The government’s proposed single ombudsman will face the same structural issues that have caused problems for CPA Australia, says the Credit and Investments Ombudsman.
In a submission to Treasury distributed to the press yesterday, the CIO argued that the government’s proposed Australian Financial Complaints Authority (AFCA) will be toothless to prevent financial scandals and stamp out poor cultural practices in the sector.
The CIO – which would become redundant under the government’s plans – also points to governance issues faced by CPA Australia as a potential hurdle for the success of AFCA, as both are examples of problematic “not-for-profit member-based monopolies”.
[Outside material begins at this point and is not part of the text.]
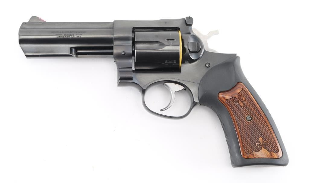 Double action 6 shot revolver chambered in .357 Mag. Blued finish, smooth soft rubber grips with wood insert panels, 4" full lug heavy barrel with wide serrated rib, ramp front sight with red accent and adjustable rear sight, checkered hammer spur and smooth trigger. Bore is excellent and chambers are clean. Action is smooth with tight lock-up. Condition is NRA Excellent. Modern firearm.
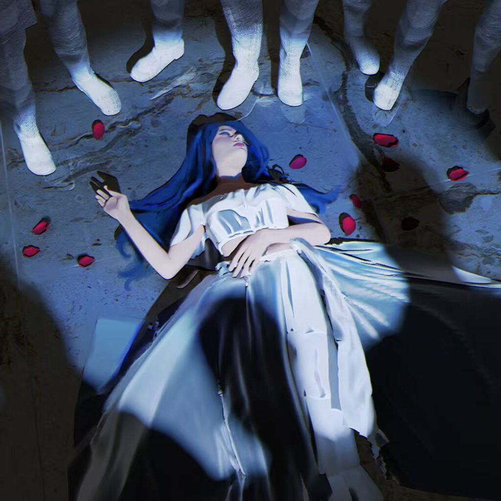 Summary of work:In the image, a figure with long blue hair lies on the ground wearing a plain white dress. Red rose petals are scattered around them, while several pairs of feet in white socks surround them, creating a sense of encircling “gaze”. Cool – toned light and shadow intertwine with soft elements (the fluffy blue hair, the flowing white dress, and the vivid roses), as if depicting a tragic “fall” moment. The color contrast between blue and red adds a dreamy and sorrowful atmosphere, seemingly conveying the complex emotional connection between the figure and the surrounding environment.

“To appreciate the kind of allegations that can be levelled against a not-for-profit member-based organisation that enjoys a monopoly (in the same way that AFCA will), one only has to look at recent media reports about the board and management of CPA Australia, a company also limited by guarantee,” the submission states.
AFCA directors will be appointed by its board, not its members, making it susceptible to similar governance and member conflicts experienced by the accounting body.
“What would prevent AFCA directors from giving themselves hefty or undeserved pay increases? How would directors be removed for poor performance where there is no possibility of directors being voted out? What incentive would the board have to keep costs down and operate the scheme efficiently in circumstances where its members have no say as to how the budget is framed or how the scheme is run?” the submission asked rhetorically.